(Provided material)

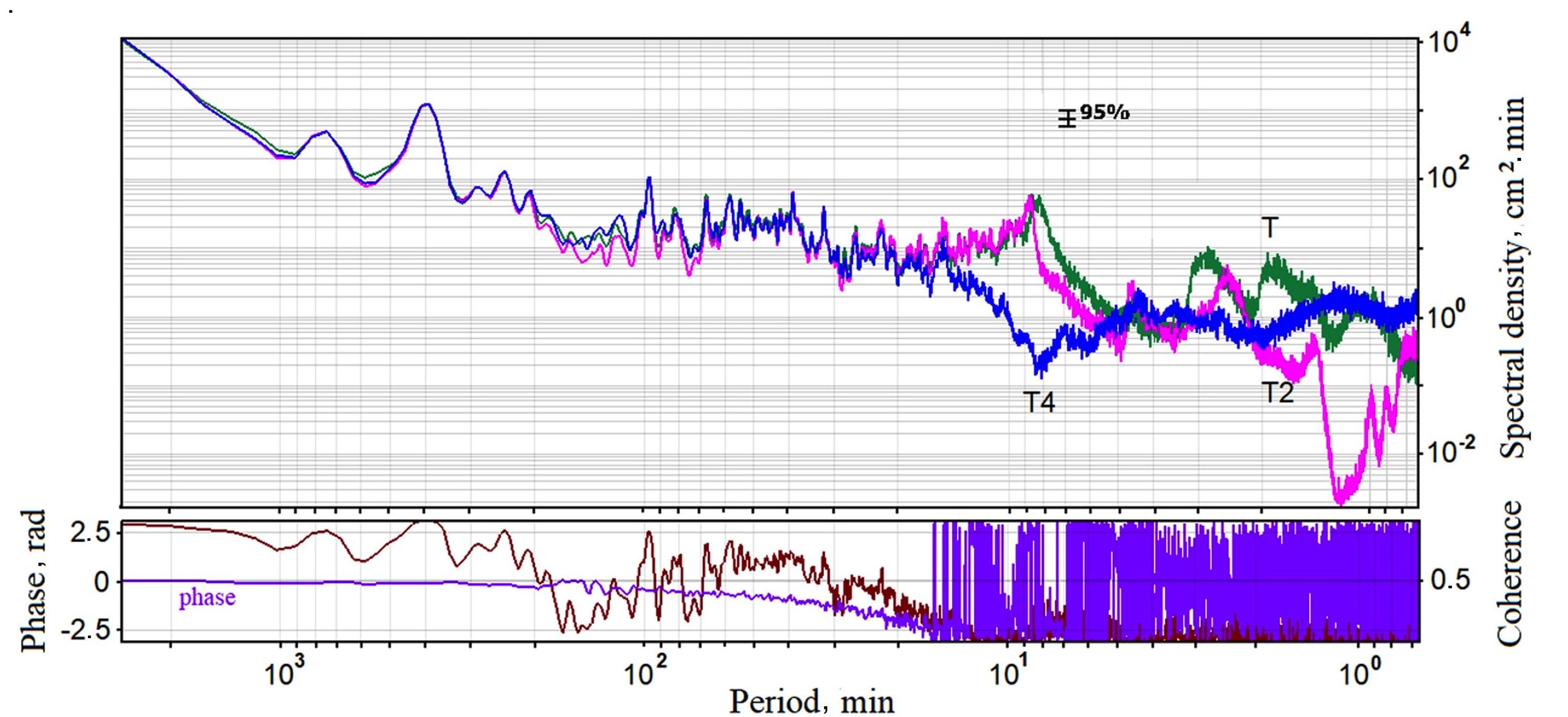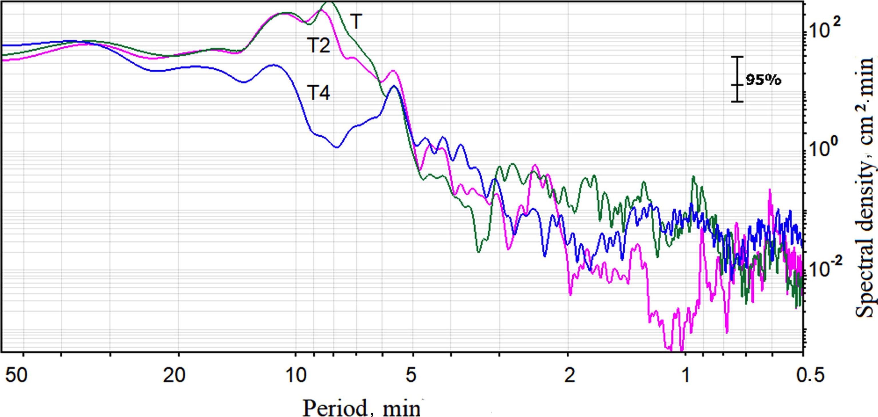 For the segments of time series under consideration (Fig. 5), the spectral densities of sea level oscillations (shown in Fig. 7) are calculated. These more detailed graphs indicate the presence of peaks at 5.62 min period for all meters, as well as at 8.17 and 10.5 min periods for T meter, at 8.65 and 10.92 min periods for T2 meter and 11.37 min period for T4 meter. For periods of ~ 8 minutes, a significant minimum is observed in the spectral density of sea level oscillations, calculated from the T4 meter data.
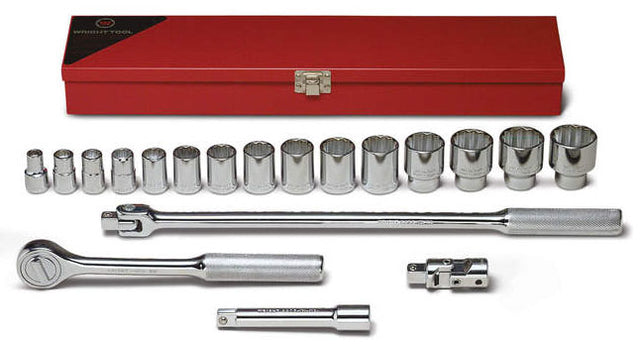 Wright SAE 12 Point Socket Set, 1/2" Drive, 19 pc.
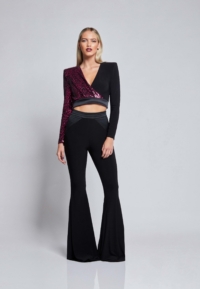 A fully lined jersey flared pant with our signature stitched satin waistband and exposed zip.
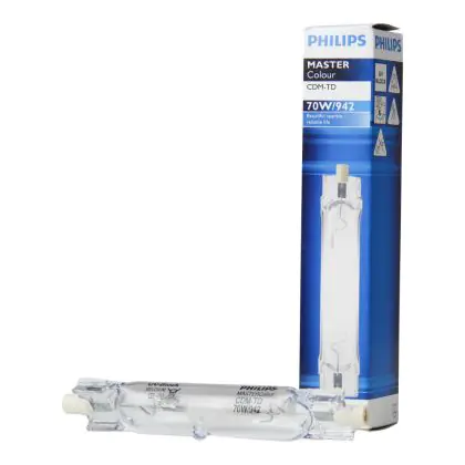 CDM-TD sind zweiseitige kompakte Entladungslampen mit einem brillanten Licht und ausgezeichneter Farbstabilität aufgrund ihrer Keramik-Brenner-Technologie. Die Philips CDM-TD 70W 942 RX7s (MASTERColour) besitzt einen RX7S Gasentladungslampensockel. Diese Lampen sind nicht dimmbar.

(End Provided material)

* **What is being asked**
Retype precisely, and only, the lines from the one holding "Wright SAE 12" through the final line of the data above, with the pictures omitted.

* **Exercise answer**
 Wright SAE 12 Point Socket Set, 1/2" Drive, 19 pc.
 A fully lined jersey flared pant with our signature stitched satin waistband and exposed zip.
 CDM-TD sind zweiseitige kompakte Entladungslampen mit einem brillanten Licht und ausgezeichneter Farbstabilität aufgrund ihrer Keramik-Brenner-Technologie. Die Philips CDM-TD 70W 942 RX7s (MASTERColour) besitzt einen RX7S Gasentladungslampensockel. Diese Lampen sind nicht dimmbar.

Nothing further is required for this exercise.